=== Begin Enclosure ===

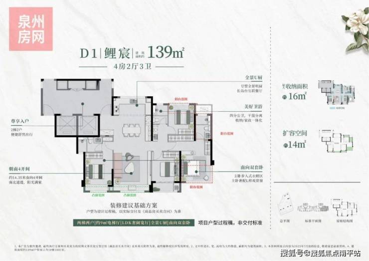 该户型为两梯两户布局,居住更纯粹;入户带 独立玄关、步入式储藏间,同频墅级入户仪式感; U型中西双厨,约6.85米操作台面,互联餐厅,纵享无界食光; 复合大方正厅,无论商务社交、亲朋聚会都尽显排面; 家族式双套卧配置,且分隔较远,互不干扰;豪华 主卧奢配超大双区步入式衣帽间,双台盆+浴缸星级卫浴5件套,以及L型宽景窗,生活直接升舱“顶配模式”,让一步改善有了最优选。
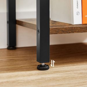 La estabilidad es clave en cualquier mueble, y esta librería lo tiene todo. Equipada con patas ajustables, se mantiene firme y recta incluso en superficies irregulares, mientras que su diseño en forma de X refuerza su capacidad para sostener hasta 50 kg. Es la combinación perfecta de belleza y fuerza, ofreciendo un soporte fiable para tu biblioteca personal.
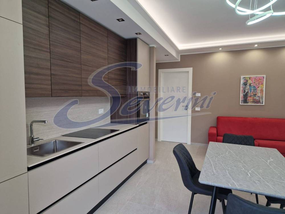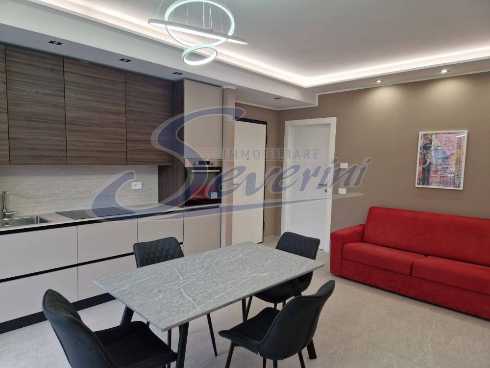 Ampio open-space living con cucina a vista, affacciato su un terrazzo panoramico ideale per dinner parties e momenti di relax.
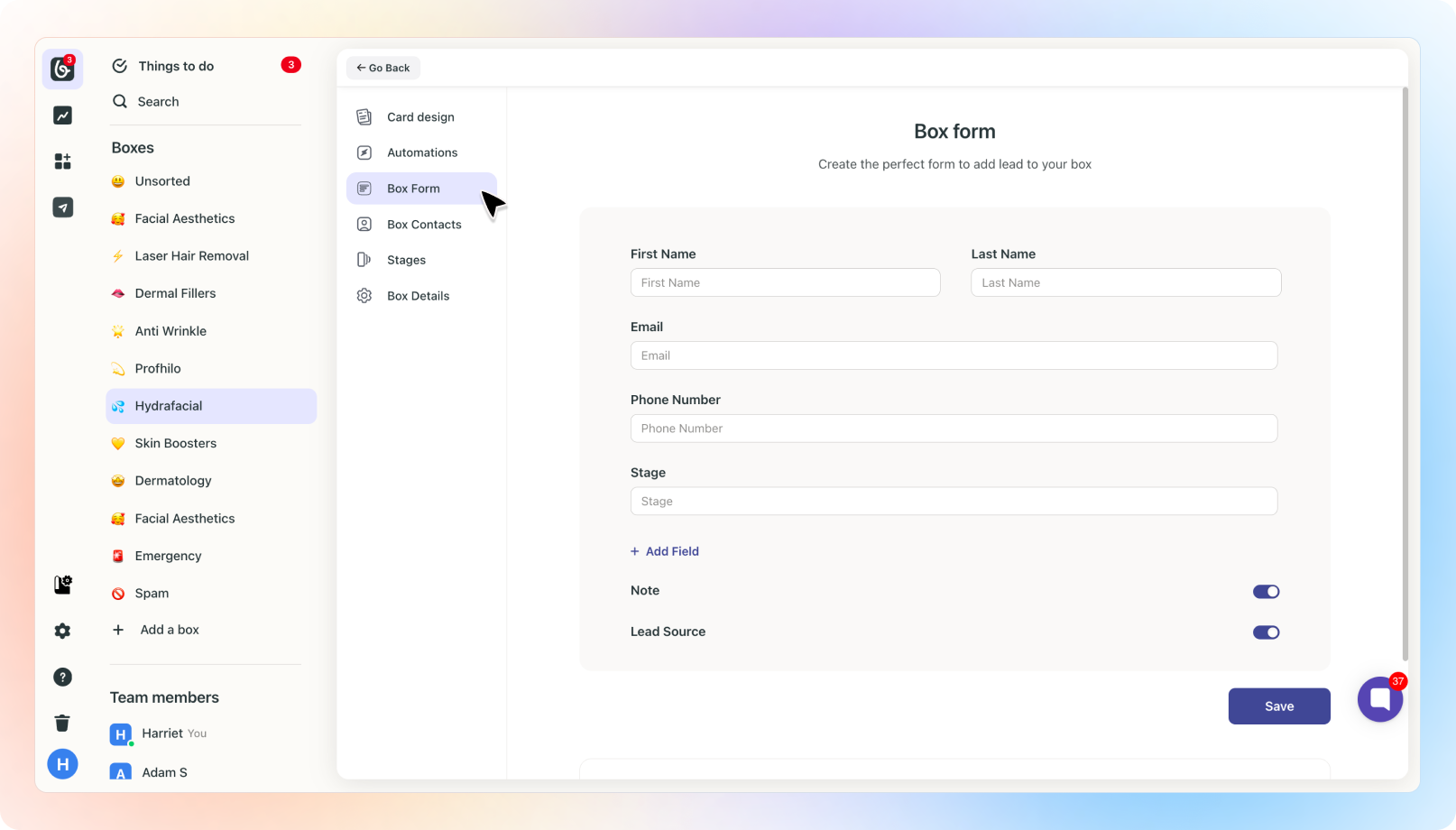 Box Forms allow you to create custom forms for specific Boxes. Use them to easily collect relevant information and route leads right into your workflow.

=== End Enclosure ===

- **Problem to work on**
Would you output the full listing exactly as it stands, minus the images?

- **Exercise response**
 该户型为两梯两户布局,居住更纯粹;入户带 独立玄关、步入式储藏间,同频墅级入户仪式感; U型中西双厨,约6.85米操作台面,互联餐厅,纵享无界食光; 复合大方正厅,无论商务社交、亲朋聚会都尽显排面; 家族式双套卧配置,且分隔较远,互不干扰;豪华 主卧奢配超大双区步入式衣帽间,双台盆+浴缸星级卫浴5件套,以及L型宽景窗,生活直接升舱“顶配模式”,让一步改善有了最优选。
 La estabilidad es clave en cualquier mueble, y esta librería lo tiene todo. Equipada con patas ajustables, se mantiene firme y recta incluso en superficies irregulares, mientras que su diseño en forma de X refuerza su capacidad para sostener hasta 50 kg. Es la combinación perfecta de belleza y fuerza, ofreciendo un soporte fiable para tu biblioteca personal.
 Ampio open-space living con cucina a vista, affacciato su un terrazzo panoramico ideale per dinner parties e momenti di relax.
 Box Forms allow you to create custom forms for specific Boxes. Use them to easily collect relevant information and route leads right into your workflow.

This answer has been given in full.